DNA extraction and PCR

Individual microinvertebrates were captured in 1–3 μl of glacier meltwater using a fine pipet and transferred into 7 μl of 70% EtOH for storage. To extract DNA, EtOH was evaporated on a 65 °C heat block for ~ 5 min with lid open, and 10 μl of a solution containing 25 mM Tris pH 8.5, 50 mM KCl, 5 mM MgCl2, Proteinase K (20 μg/μl) was added. Following incubation at 55 °C for 20 min, Proteinase K was inactivated by heating at 95 °C for 2 min and 1 μl was removed for polymerase chain reaction (PCR) analysis. DNA samples representing individual glacier specimens are archived in the laboratory of PKD. PCR reactions contained 1X Takara mix (Takara, Japan), 0.4 μM respective barcode primers [18S rRNA36; cytochrome c oxidase subunit 1 (CO1)37], 1 μl template in a total reaction volume of 25 μl balanced with H2O. Primers were: 18S2a-GATCCTTCCGCAGGTTCACC, 18S11b-GTCAGAGGTTCGAAGGCG36; HCO-TAAACTTCAGGGTGACCAAAAAATCA, LCO-GGTCAACAAATCATAAAGATATTGG37, respectively. Conditions for PCR were 95 °C for 2 min, then 94 °C (20 s)/45 °C for CO1, 54 °C for 18S rRNA (40 s)/72 °C (45 s) for 35 cycles, then 72 °C for 5 min. Aliquots were run on 0.8% agarose gels with EtBr and visualized by UV light. Positive samples were sequenced on both strands with respective PCR primers at the Genetics Services Facility (University of Otago, Dunedin).

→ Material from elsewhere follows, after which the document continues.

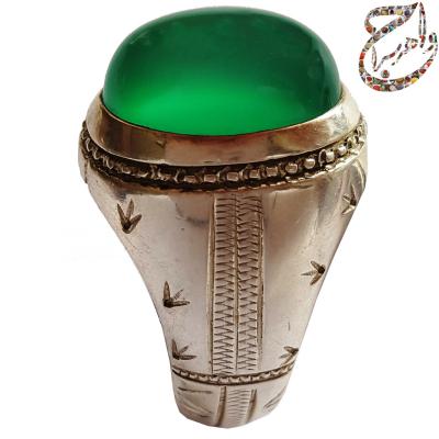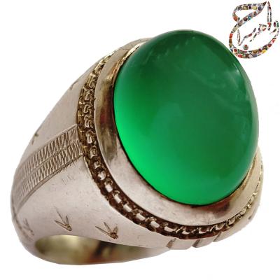 بحارالانوار، ج 8، ص 187؛ امالی، طوسی، ص 38[/vc_column_text][vc_empty_space height=”20px”][/vc_column][/vc_row][vc_row][vc_column][vc_column_text]انگشتری که مشاهده میفرمایید عقیق سبز ابدار معدنی است و نه آزمایشگاهی . رنگ سبز پر رنگ و شفافست سنگ بیانگر کیفیت است که مجالی برای تعریف و تمجید باقی نمیگذارد . رکاب این انگشتر بصورت دست از جنس نقره 95 ساخته و پرداخته شده است . داخل رکاب مهر سید تهران به چشم میخورد . سایز رکاب 64 است و بدلیل اتصال نقش و نگار رکاب بصورت سرتاسری امکان تغییر سایز وجود ندارد .[/vc_column_text][vc_empty_space height=”30px”][/vc_column][/vc_row]

DNA sequence and data analyses

Sanger-sequenced DNA chromatograms were assembled and trimmed to remove primer sequence and low-quality base reads using 4 Peaks software53. BLASTn searches of assembled and cleaned sequences against the GenBank non-redundant nucleotide database were performed in 4 Peaks. New multi-sequence alignments were created within each phylum by combining new sequences with existing sequences drawn from Genbank (Suppl. Info., Table S1) using MAFFT v7.45054 employing default parameters. Using these alignments pairwise genetic distances were calculated by the Kimura 2-parameter correction in MEGA655. MrBayes v3.2.7a56 was used to infer phylogenetic relationships among animal taxa by the General Time Reversible model of molecular evolution with invariant sites and a gamma distribution of rates (GTR + I + G). MrBayes was run on the CIPRES Science Gateway57 for 100 million Metropolis-coupled Markov Chain Monte Carlo (MCMCMC) generations with one cold and three heated chains, sampling every 10,000 generations. The R package RWTY v1.0.158 was used to assess convergence of MCMCMC runs ensuring that the posterior sample was stationary and that the posterior sample of trees in independent runs recovered similar posterior probabilities for nodes. After evaluation, the first 50% of trees were removed as burn-in and the remaining sample was retained to infer a majority rule consensus tree. Haplotypes, as defined by unique CO1 sequences within a population, were created for each phylum by HaplowebMaker59 using default parameters (delimiter, mask error, radius proportion), and TCS software60, a Java program to estimate gene genealogies including multifurcations and/or reticulations by statistical parsimony61.